The money processors. It remains to be seen how that works out.
They may have a duty of fair dealing but, I very much doubt it gives rise to a fiduciary duty and while they may have given fair value its unknown whether it was in good faith and consistent with banking and financial laws.
I said “accused.” The request for a constructive trust is so the fees paid to Kaplan are recoverable by the estate.
Based on previous postings in this thread I assumed, perhaps wrongly that the recovery was under the theory of fraudulent conveyance. If not….what is it?
The bottom line is that the estate wants the money back and they expect Kaplan to disgorge it and Kaplan’s duty was to RVG not the affiliate’s.
I don’t know anything about which theory. I tried to get a quick overview in post #12.
The Receiver want Kaplan to compensate RVG for damages in the range of $100 million caused by his Malpractice / Negligence / Fiduciary Breach of Duty / Aiding and Abetting Fiduciary Breach of Duty.
Right. OK, thanks. Damages. It appears to be a straight forward tort claim not an action for disgorgment based on fraudulent transfer.
Normally it should have been straight forward. But the facts supporting the claim seem to be incomplete and vague. You can try to analyse them yourself?
* “Kaplan knew or should have known” is a legal conclusion without any direct supporting arguments. The facts are missing or extremely vague.
“Normal practice”
* Writing a FAQ can’t be seen as a type of malpractice in itself.
* Answering email questions seems to be quite a normal practice.
* Participating in 2 leadership calls seems to be normal practice.
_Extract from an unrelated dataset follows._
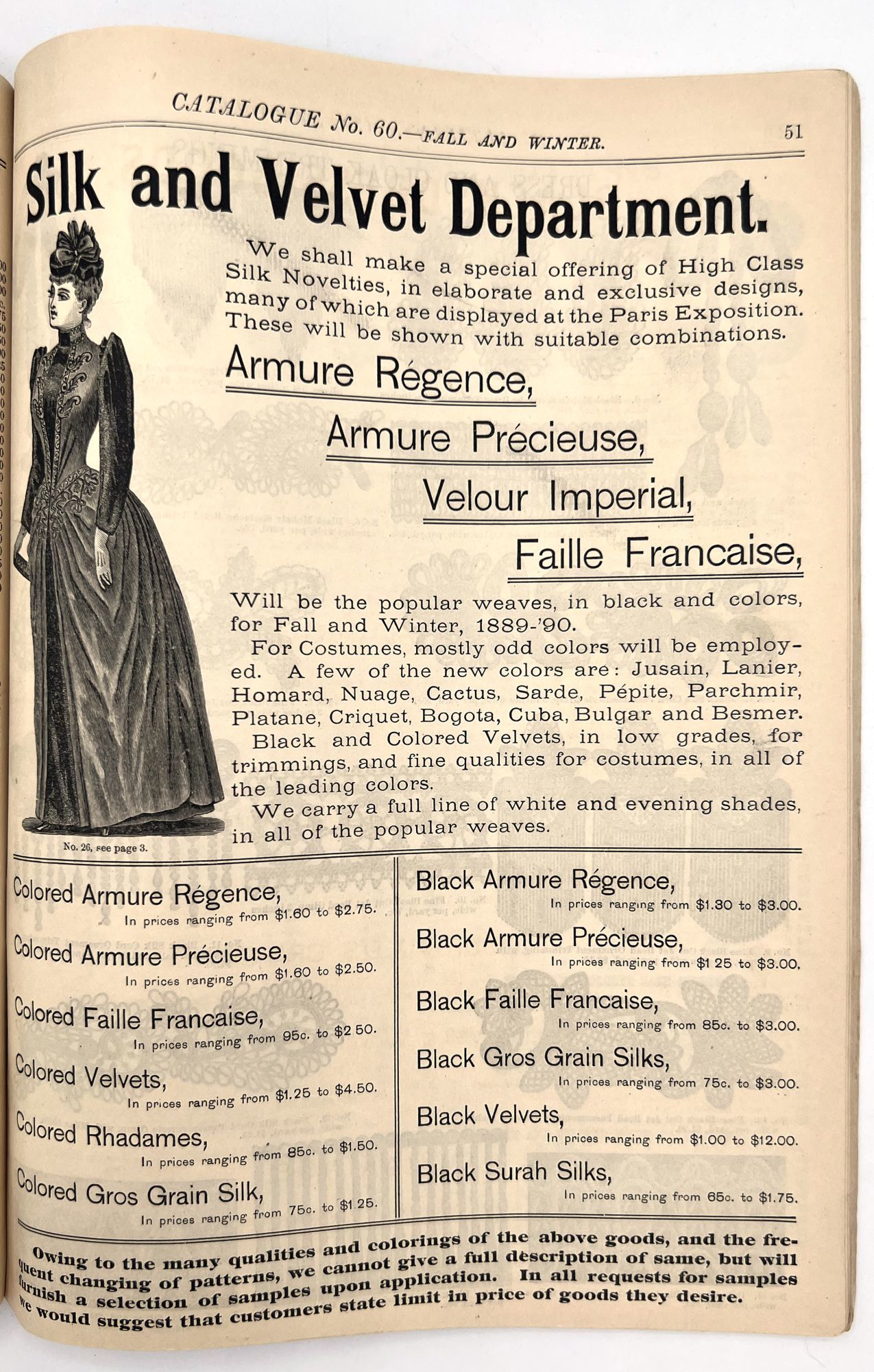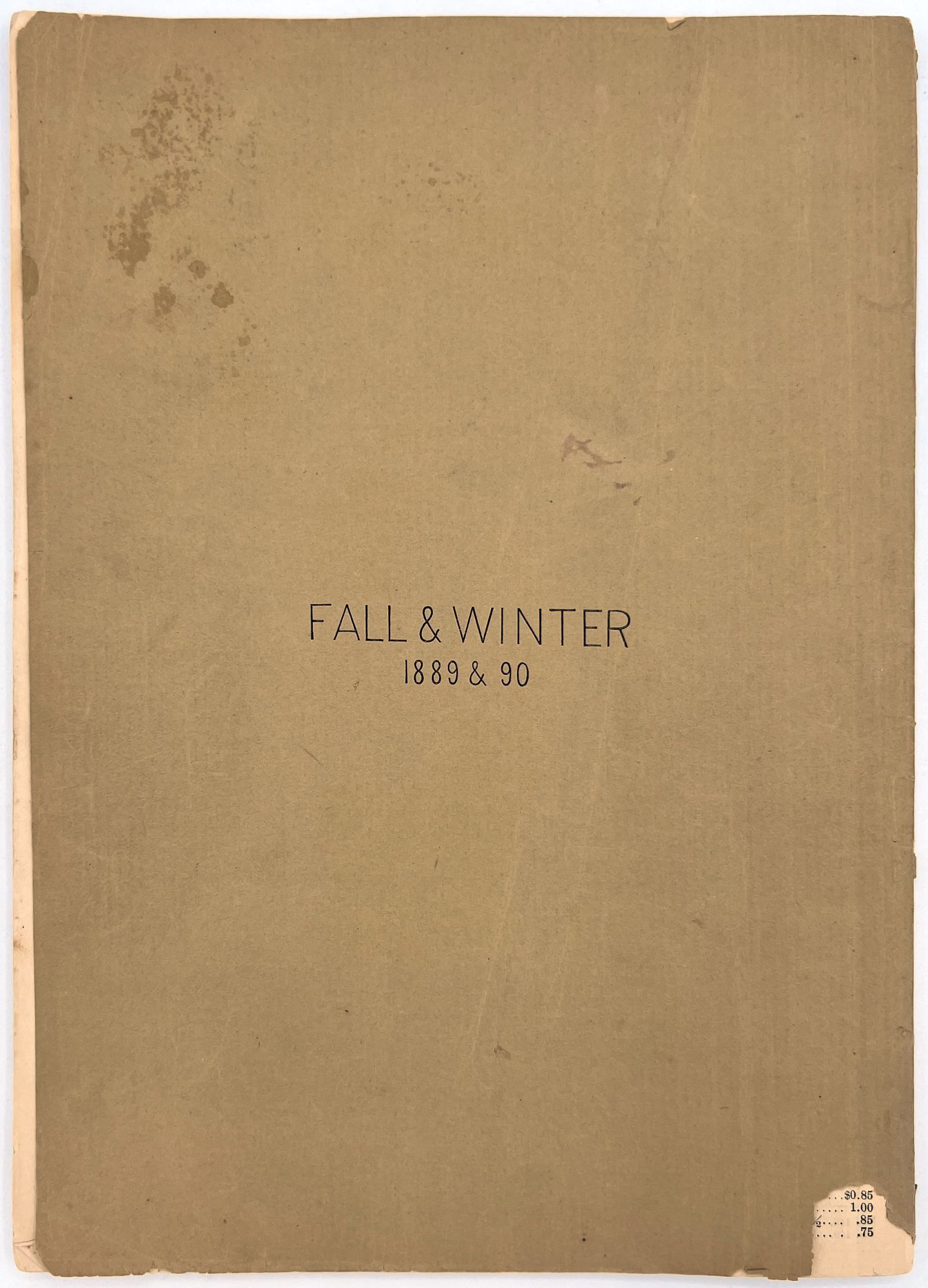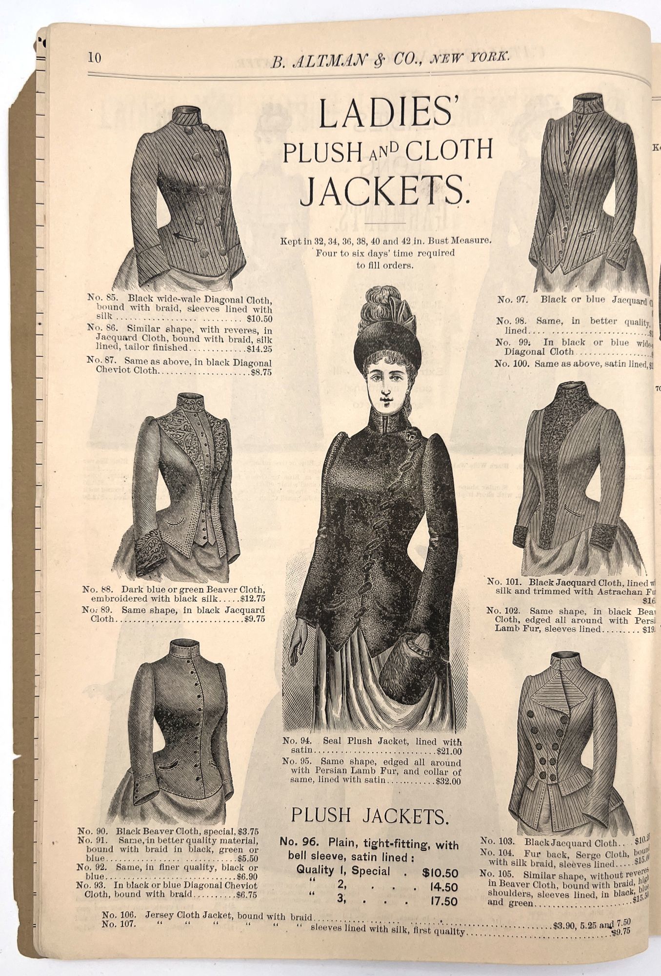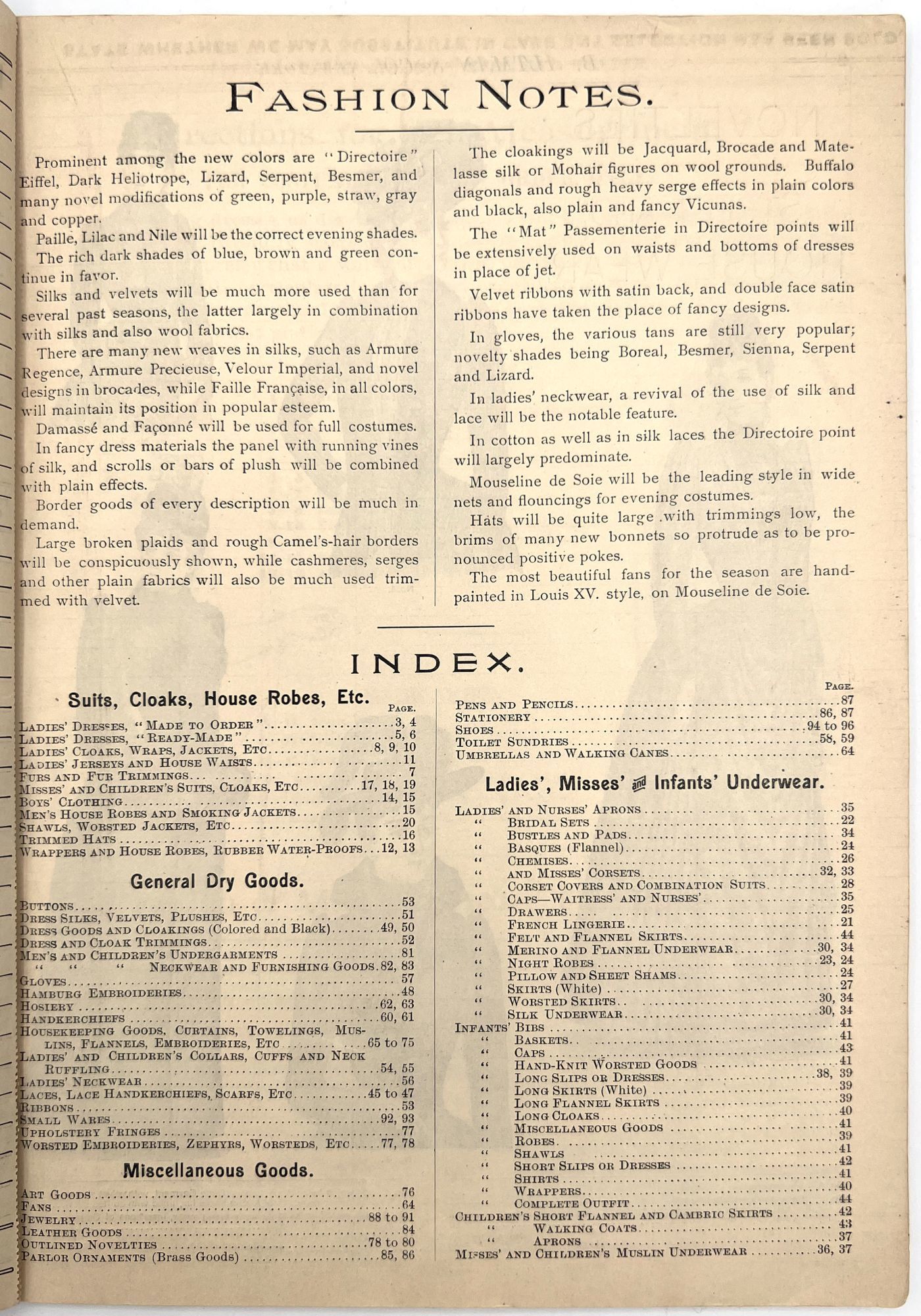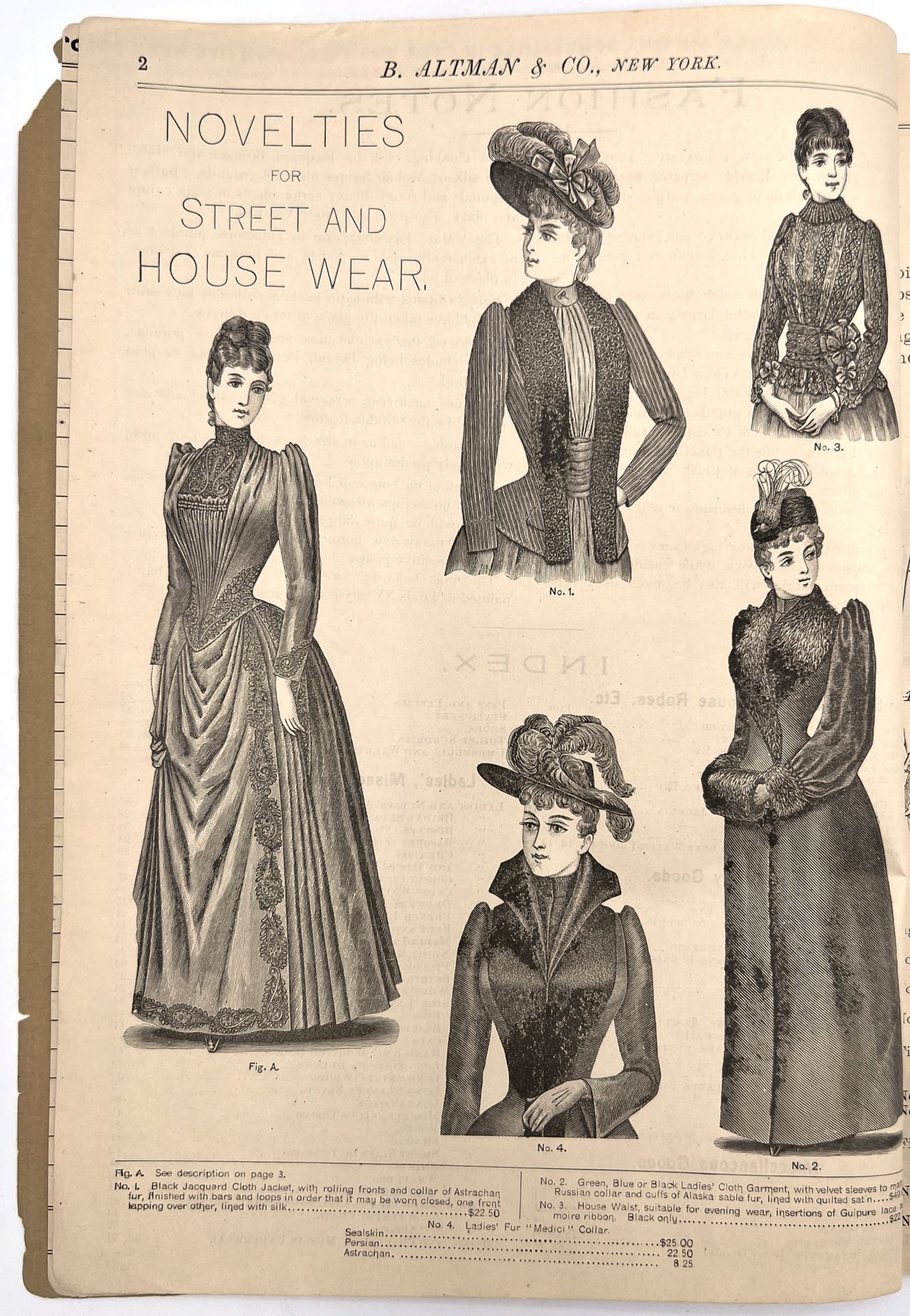 New York, New York: B. Attman & Co, 1889. Very good. Small open tear to upper right-hand corner of upper wrapper. Minor chipping, short tears, toning.. Printed catalogue advertising women's and children's clothing and accessories sold by the B. Attman & Co. of New York, profusely illustrated over its 96 pages. Includes a blank mail-in order form in the front and index, as well as a brief description of the latest trends ("Velvet Ribbons with satin back... In gloves, the various tans are still popular...", etc.). The clothes advertised are from the clothier's Fall/Winter 1889-1890 line of fashion. Each item is illustrated and priced with a style number for easy ordering. Also includes an "upholstery" section selling rugs, tapestries, towels, etc. There is a full page devoted to mourning jewelry, befitting the period.

* Use of name is normal practice. The opposite would be to participate in those two leadership calls as “anonymous tax attorney” or. “Mr. X”.
“The substance”
* Kaplan advised that Affiliates should use IRS Schedule C (“Profit or Loss from Business”) to record their income, making no mention of the fact that they should use IRS Schedule D (“Capital Gains and Losses”).
That point is backed up by a legal conclusion with few supporting arguments. It’s impossible to identify whether it is a potential malpractice or a normal practice based on the information in the complaint.
There are some other arguments related to that same point, e.g. an argument that Kaplan candidly could have disclosed to the affiliates that the income from ZeekRewards would be taxed as “Capital Gains”.
Paragraphs 31 through 39 in the Complaint repeat 7 times that “Kaplan knew or should have known”.
Simply stating that people knew or should have known isn’t enough. It must be supported by something, e.g. the type of information Kaplan had access to as a part of his work for RVG.
* There’s no factual arguments pointing to what Kaplan actually could have known in February 2012, the relevant time period for the stated actions or omissions.
* Most arguments about malpractice appears to be about quite normal practice for a tax attorney.
* “Schedule C” appears to be the correct solution based on IRS rules. The logical reasoning for why “Schedule D” should be more correct doesn’t refer to any valid tax logic.
It will be impossible for a court to determine anything here. The arguments may look valid enough, but that’s all.
Err,
umm,
it’s a “complaint” not the sum total of the receivers’ argument/s
Further, “knew or should have known” is a completely acceptable term and doesn’t require expanding in the complaint
here’s stalking coach van some more in his adventure across the world. he has several FB pages and the moment i copy paste from one, he stops posting there and runs off to a different page. ha, caught him again!
this guy is really high on his ponzi tripping!
yes, and then coach van went to korea too.
however, what will interest the sheriff of cumberland county, north carolina is that fayetteville’s little boy has finally Come Home!
go get him sheriff!
see that, he’s ‘ready to leave again’! he should be ‘served’ with whatever documents need to be served on him, before he takes off again. this guy has travelling chakras under his feet.